I had two snow days this week, which should have left me plenty of time to clean my apartment and pack and catch up on emails and be all ready to leave for Michigan early on Christmas morning, right?

Wrong. I spent much of those two days fighting with a virus on my computer.

grgnashbattlethwackbeatfightscowl
(picture me with an angry face smacking the heads of two little plastic soldier figures together)

I didn't exactly win the battle, but the virus is currently held at bay, enough that I can plug my computer back into the internet without constant poppings up of warning messages telling me that my computer is full to bursting with viritical files, and also deathdyingcatastrophy. It only took one virus scan program, one history-deleter program, two days without internet, two anti-spyware programs, four sets of instructions, uncountable hours of scanning the computer, and a lot of pulling out of my own hair. I am practically bald now.

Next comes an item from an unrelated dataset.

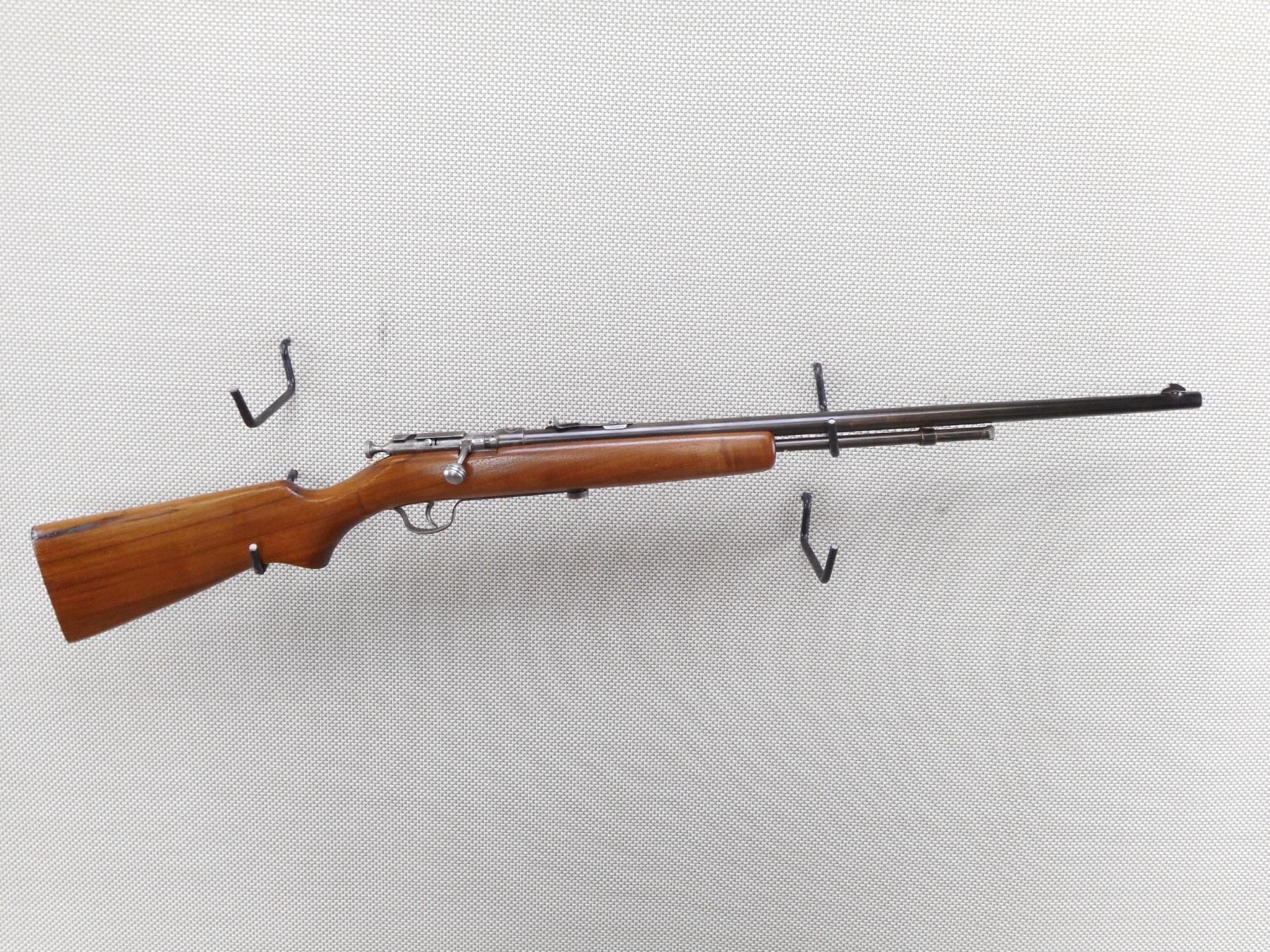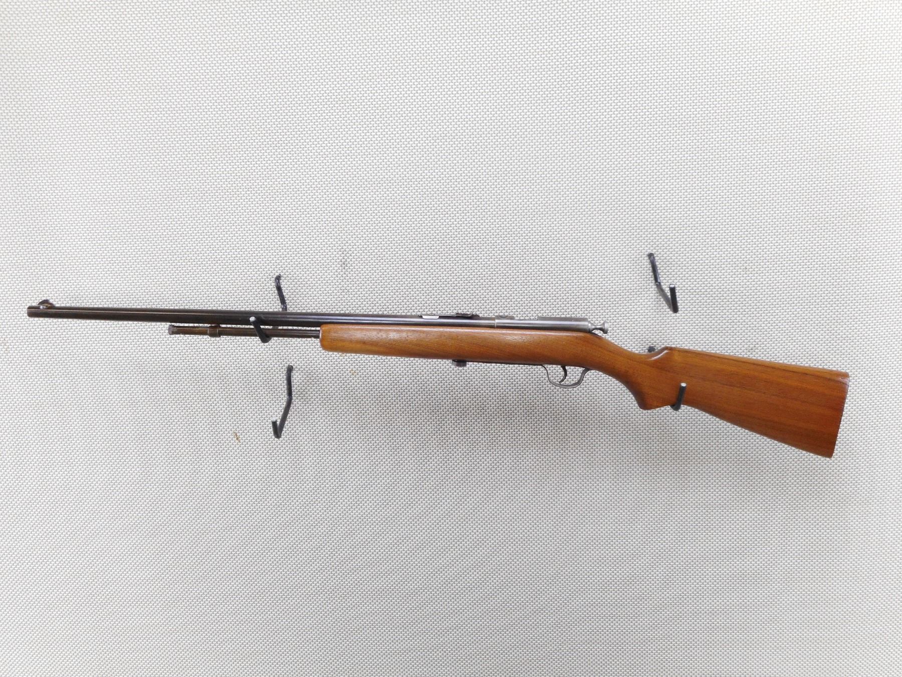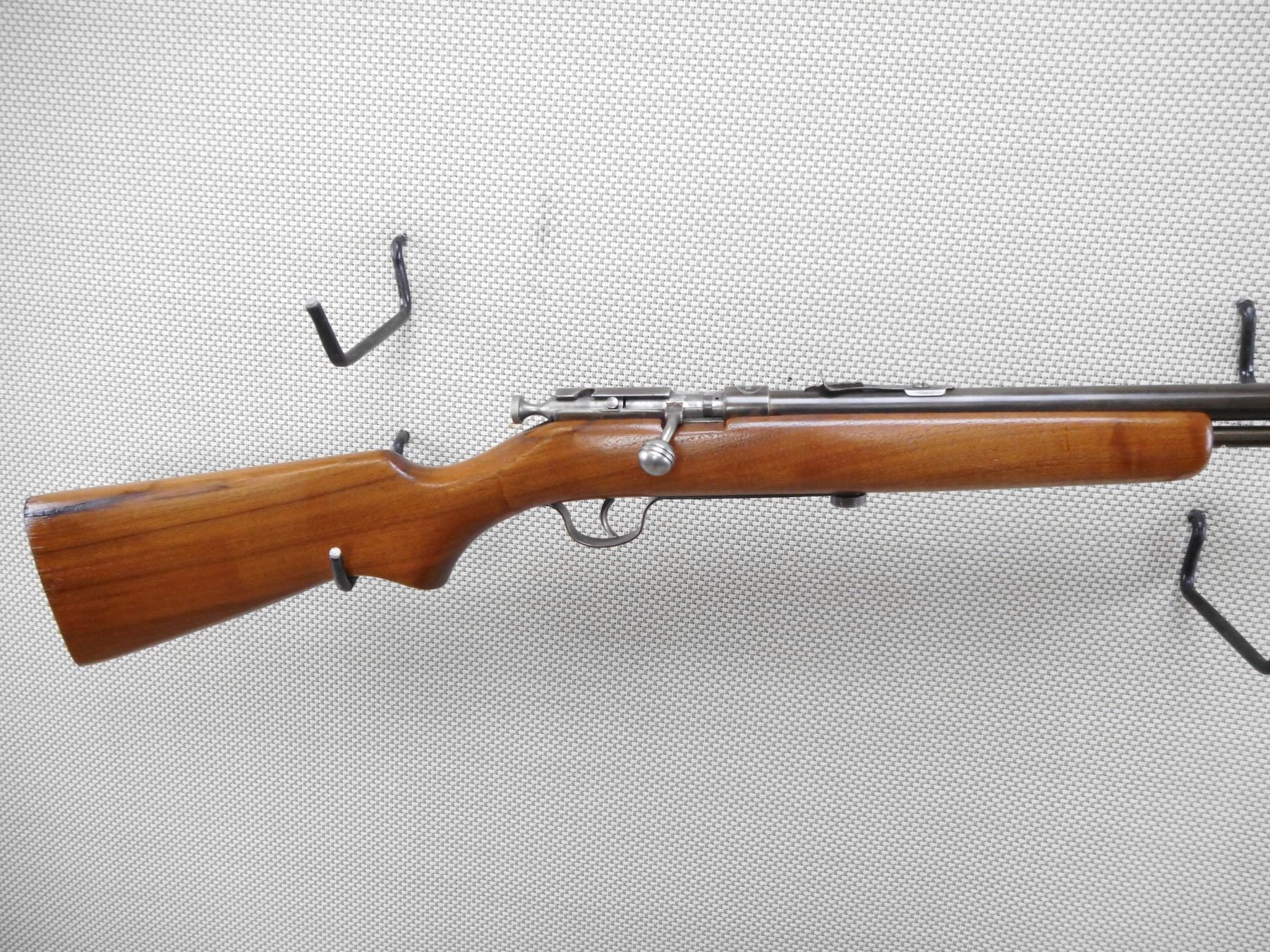 COOEY , MODEL: 60 , CALIBER: 22 LR , BORE IS EXCELLENT. BLADE FRONT SIGHT. ADJUSTABLE U NOTCH REAR SIGHT. BLUED FINISH ON METAL PARTS. SMOOTH WOOD STOCK WITH STEEL BUTT PLATE. MINOR WEAR TO THE BLUEING. SLIGHT HANDLING MARKS .ACTION: BOLT ACTION RIFLE , BARREL LENGTH: 24" , SERIAL # N/A , CONDITION: 7/10 , CLASS: CANADIAN NON RESTRICTED CLASS

In other news, I saw Slumdog Millionaire, which was surprisingly good. (Surprisingly because I don't have tv, so I don't see commercials for movies, so I don't know about them, so I don't particularly want to see any movies, so I am surprised when I do see them and actually like them.) Anyway, despite my increasingly old and miserly ways with regards to movies, that's a good one. Except sad, despite some element of melodrama. I didn't expect sad.

It was all snowy here and pretty and there was great occasion for mocking of the people from the Pacific Northwest who had chains on their tires and of snowplows that got themselves stuck in snow drifts, and I did a lot of tromping through snow, and it looked like there might be a white Christmas, and now a few hours before Christmas it has started to rain. The indignity of trying to run last minute Christmas errands in the rain is just too much. I wash my hands of this place and I shall move on to Michigan, where there is real snow. And where no one bothers with chains on their tires.

20 December 2008

snowfall

When I woke up this morning, er, afternoon, and saw that it was snowing, I thought to myself, in a rather self-satisfied manner, "I have everything I need in this apartment. I have no reason to go out into that. I shall just admire it from the warm indoors."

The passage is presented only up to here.